Novas designações teocráticas

 Em 1971, eu e a Mercedes fomos convidados para servir como betelitas na nova filial em Barcelona. Mas um ano mais tarde, a Mercedes ficou grávida e deu à luz a nossa linda filha, Abigail. Por isso, tivemos de sair de Betel e recebemos uma nova designação – criar a nossa filha.

 Quando a Abigail estava na adolescência, a filial perguntou-nos se podíamos voltar ao serviço de viajante. Nós orámos sobre o assunto e falámos com irmãos maduros. Um ancião disse: “Jesús, se eles querem que voltes ao serviço, tens de dizer que sim.” Então, começámos outra etapa recompensadora nas nossas vidas. No início, visitávamos congregações mais perto da nossa casa para que pudéssemos continuar a cuidar da Abigail. Claro que, com o tempo, ela cresceu e começou a ter uma vida mais independente, o que nos permitiu expandir o nosso serviço de tempo integral.
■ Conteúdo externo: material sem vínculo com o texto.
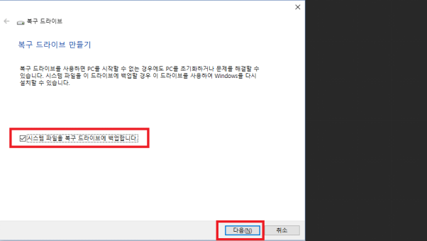 - '복구 드라이브 만들기' 화면에 진입했다면, 아래에 있는 체크박스: '시스템 파일을 복구 드라이브에 백업합니다'를 체크하고 "다음"을 클릭해 주세요.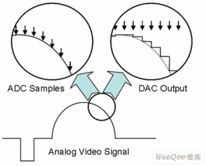 由攝像機或其他設備捕獲的模擬視頻信號通過模/數(shù)轉換器(ADC)進行數(shù)字化處理,它在每個時鐘邊沿即時記錄數(shù)據(jù)(圖2)。模擬信號連續(xù)變化,而轉換成數(shù)字信號時則是定時采樣。經(jīng)過數(shù)字處理和傳輸后,數(shù)字信號通過數(shù)/模轉換器(DAC)轉變成模擬信號。DAC的輸出如圖2的右上角所示,箭頭代表時鐘信號。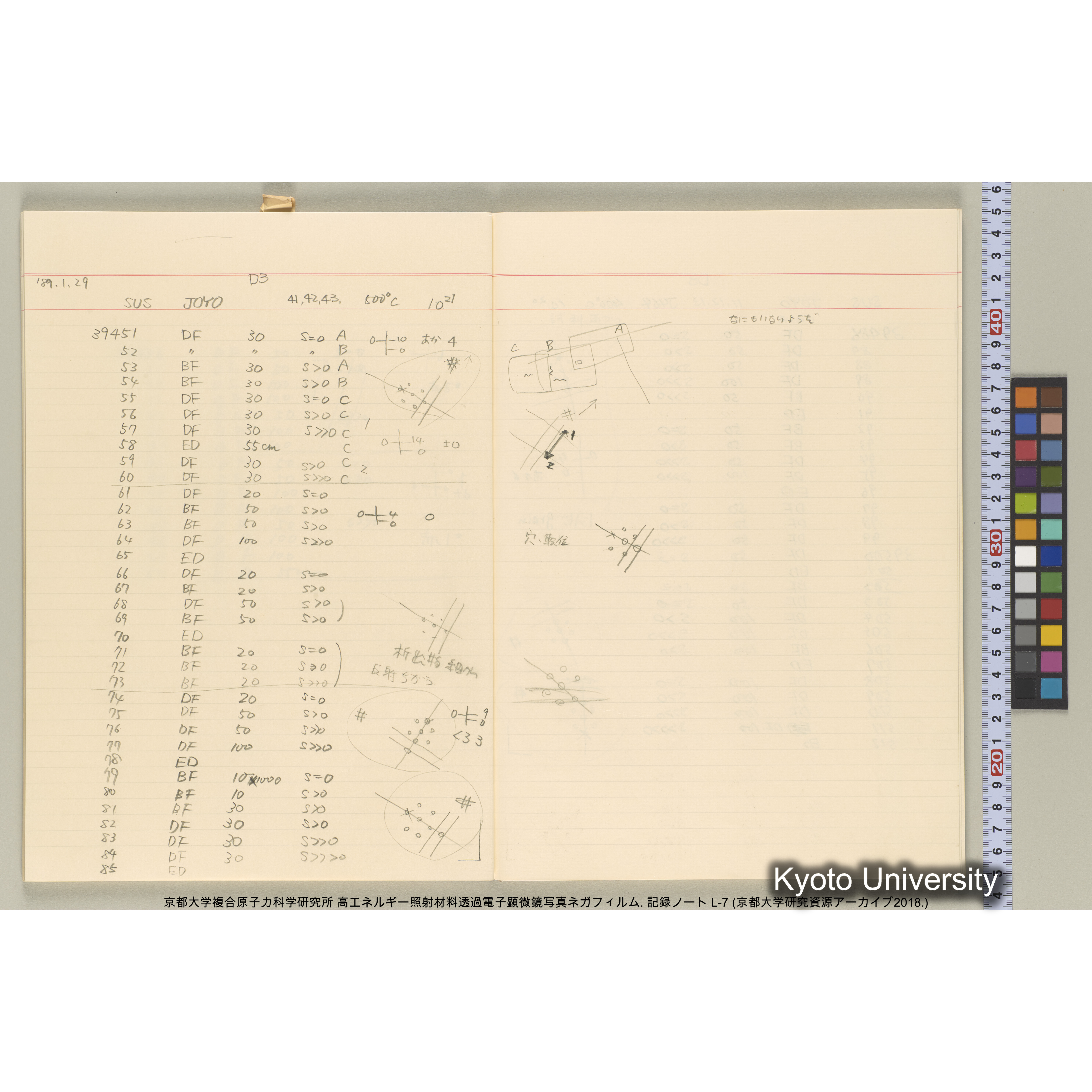 [記録ノート, Lシリーズ] 大洗実験 L-7. 38514~40645., [1989/1/28〜3/17.] [ノート内記載「89 1/28」,「(1989)3/17〜」より.], [1989-01-28/1989-03-17.]

 Eu e a Mercedes estivemos 23 anos no serviço de viajante. Apreciei muito este privilégio que me deu a oportunidade de usar a minha própria experiência para encorajar os jovens. Quando servi como instrutor para anciãos e servos de tempo integral, nós ficámos hospedados durante algum tempo no Betel de Madrid. Curiosamente, a cerca de 3 quilómetros de Betel passa o rio Jarama – o mesmo rio em que fui batizado em 1955. Eu nunca imaginei que iria voltar ao mesmo sítio, décadas depois, para ajudar a preparar homens e mulheres jovens para maiores responsabilidades no serviço de Jeová.

A dirigir uma aula numa escola teocrática

 Em 2013, voltámos novamente a servir como pioneiros especiais. Tenho de admitir que não foi fácil deixarmos o serviço de viajante e adaptarmo-nos ao serviço de pioneiro, mas, na verdade, foi mesmo o melhor para nós. Recentemente, tenho tido problemas de saúde, e até fiz uma cirurgia muito complicada ao coração. Nesses momentos, tive de confiar na ajuda de Jeová, e, como sempre, ele nunca me desapontou. Além disso, já há 56 anos que tenho o apoio leal da minha esposa, Mercedes, que tem sido uma verdadeira companheira em todas as minhas designações teocráticas.

 Lembro-me sempre com muito carinho do tempo em que servi como instrutor das escolas. Ainda consigo ver as caras jovens e animadas dos estudantes. O entusiasmo deles para fazer mais para Jeová traz-me memórias da minha própria juventude, pois lembra-me de como eu também estava ansioso para começar a minha carreira no serviço de Jeová. É verdade que eu enfrentei momentos muito difíceis na minha vida, mas também tive muitas alegrias e experiências maravilhosas. Até os desafios mais difíceis me ensinaram lições valiosas – a mais importante é a de que nunca devo confiar na minha própria força. As provações pelas quais passei deram-me a oportunidade de sentir a ajuda da mão poderosa de Jeová – uma mão que sempre me fortaleceu – mesmo nos piores momentos da minha vida. — Filipenses 4:13.

Eu a Mercedes continuamos a servir como servos de tempo integral

a Um pioneiro especial é um servo de tempo integral que se coloca à disposição de uma filial das Testemunhas de Jeová para ser enviado para onde há mais necessidade de instrutores da Bíblia.

b Aquela cela isolada, de quatro metros quadrados e sem casa de banho, foi a minha “casa” durante sete meses. Eu dormia naquele chão sujo com o meu cobertor.

c “Don” é um título respeitoso usado antes do nome de uma pessoa, em países que falam espanhol.